(Records for this exercise)

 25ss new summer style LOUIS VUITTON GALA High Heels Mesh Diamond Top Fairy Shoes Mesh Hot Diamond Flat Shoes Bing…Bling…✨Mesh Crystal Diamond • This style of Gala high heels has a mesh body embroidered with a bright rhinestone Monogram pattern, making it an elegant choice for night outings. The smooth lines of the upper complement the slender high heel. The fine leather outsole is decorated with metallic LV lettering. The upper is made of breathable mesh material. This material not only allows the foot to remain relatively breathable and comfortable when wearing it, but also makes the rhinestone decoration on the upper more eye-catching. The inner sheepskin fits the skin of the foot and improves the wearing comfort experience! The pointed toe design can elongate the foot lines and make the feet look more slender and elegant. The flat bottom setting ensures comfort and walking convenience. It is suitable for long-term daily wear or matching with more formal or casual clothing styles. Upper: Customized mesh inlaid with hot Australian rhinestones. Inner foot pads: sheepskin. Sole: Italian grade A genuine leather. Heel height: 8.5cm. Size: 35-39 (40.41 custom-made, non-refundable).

(End Records for this exercise)
(Records for this exercise)

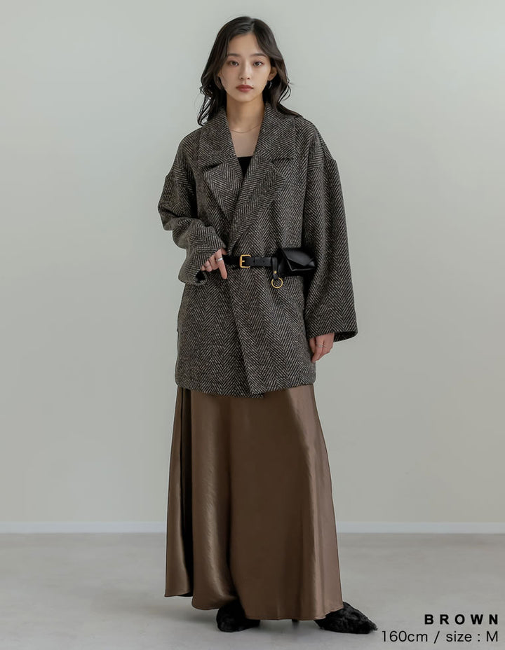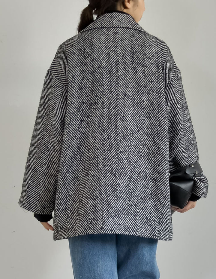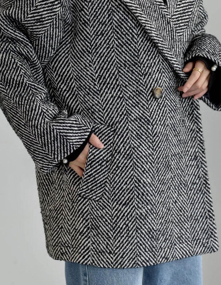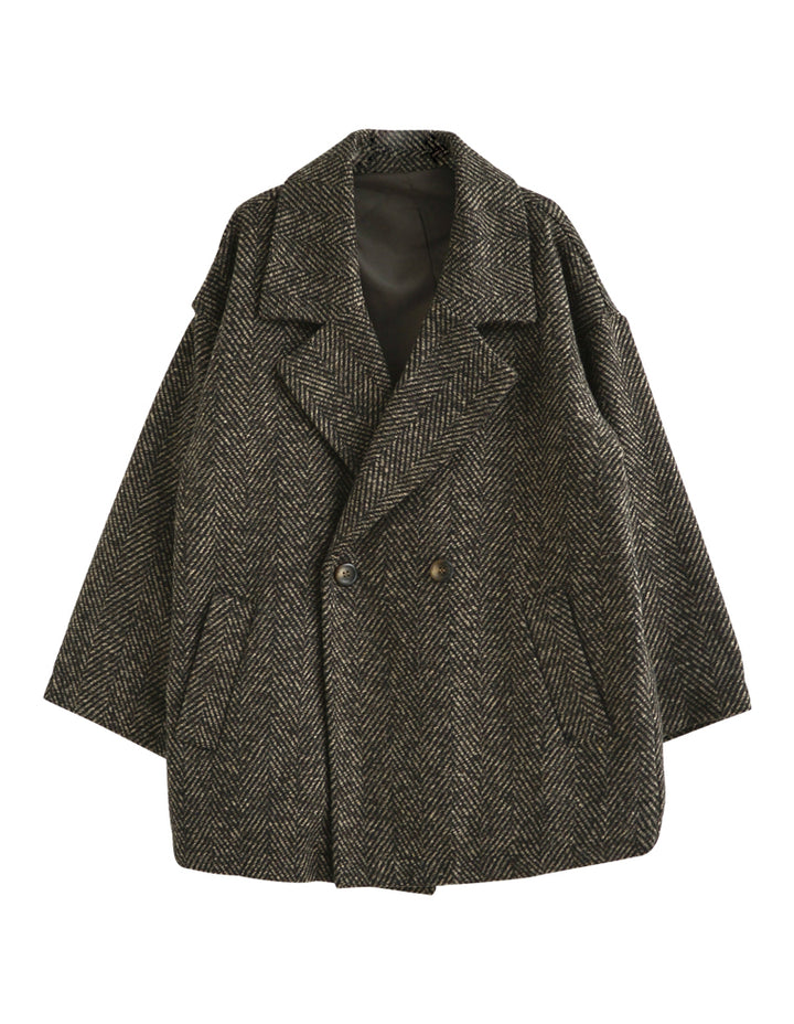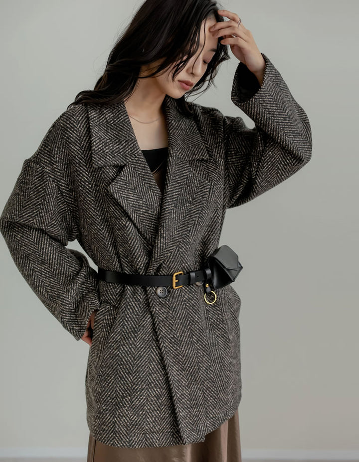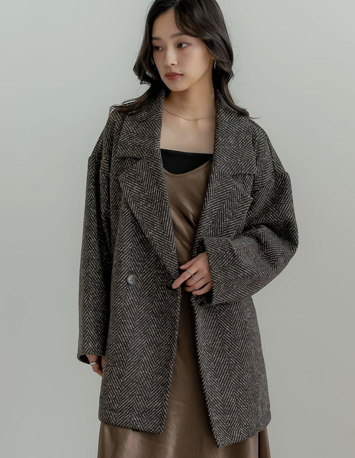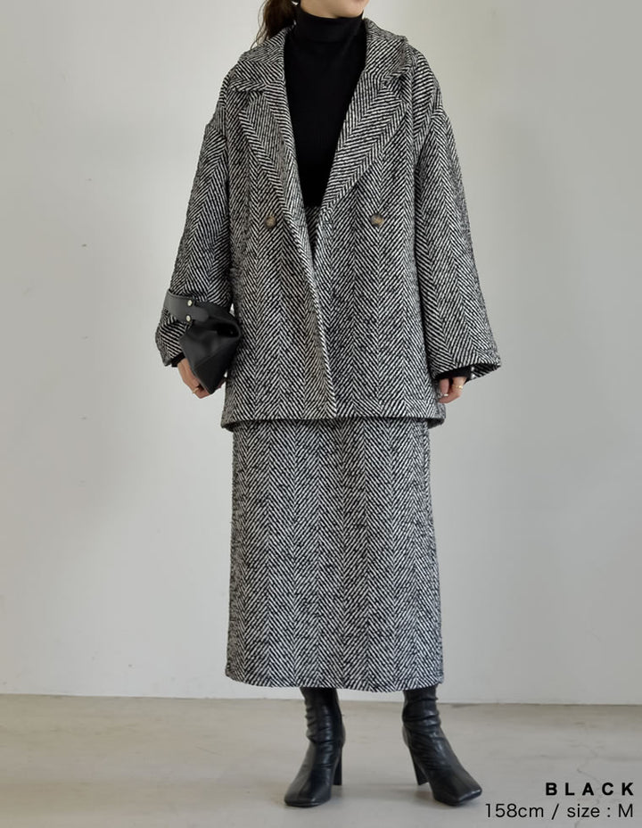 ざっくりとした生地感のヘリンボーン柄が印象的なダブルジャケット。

(End Records for this exercise)
(Records for this exercise)

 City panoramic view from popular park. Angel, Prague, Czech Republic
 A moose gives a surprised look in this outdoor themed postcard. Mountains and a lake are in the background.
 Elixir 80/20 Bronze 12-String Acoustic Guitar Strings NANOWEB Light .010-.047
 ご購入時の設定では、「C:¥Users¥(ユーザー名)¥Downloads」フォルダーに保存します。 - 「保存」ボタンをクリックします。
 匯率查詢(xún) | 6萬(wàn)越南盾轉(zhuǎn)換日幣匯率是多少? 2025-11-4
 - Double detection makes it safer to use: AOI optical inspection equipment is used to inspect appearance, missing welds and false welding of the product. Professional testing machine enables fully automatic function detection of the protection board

(End Records for this exercise)

*Task to carry out:* Lines to set down from above: the line with "Elixir 80/20 Bronze", the line with "匯率查詢(xún) | 6萬(wàn)越南盾轉(zhuǎn)換日幣匯率是多少?", and every line between, each exactly as written.

*Result:*
 Elixir 80/20 Bronze 12-String Acoustic Guitar Strings NANOWEB Light .010-.047
 ご購入時の設定では、「C:¥Users¥(ユーザー名)¥Downloads」フォルダーに保存します。 - 「保存」ボタンをクリックします。
 匯率查詢(xún) | 6萬(wàn)越南盾轉(zhuǎn)換日幣匯率是多少? 2025-11-4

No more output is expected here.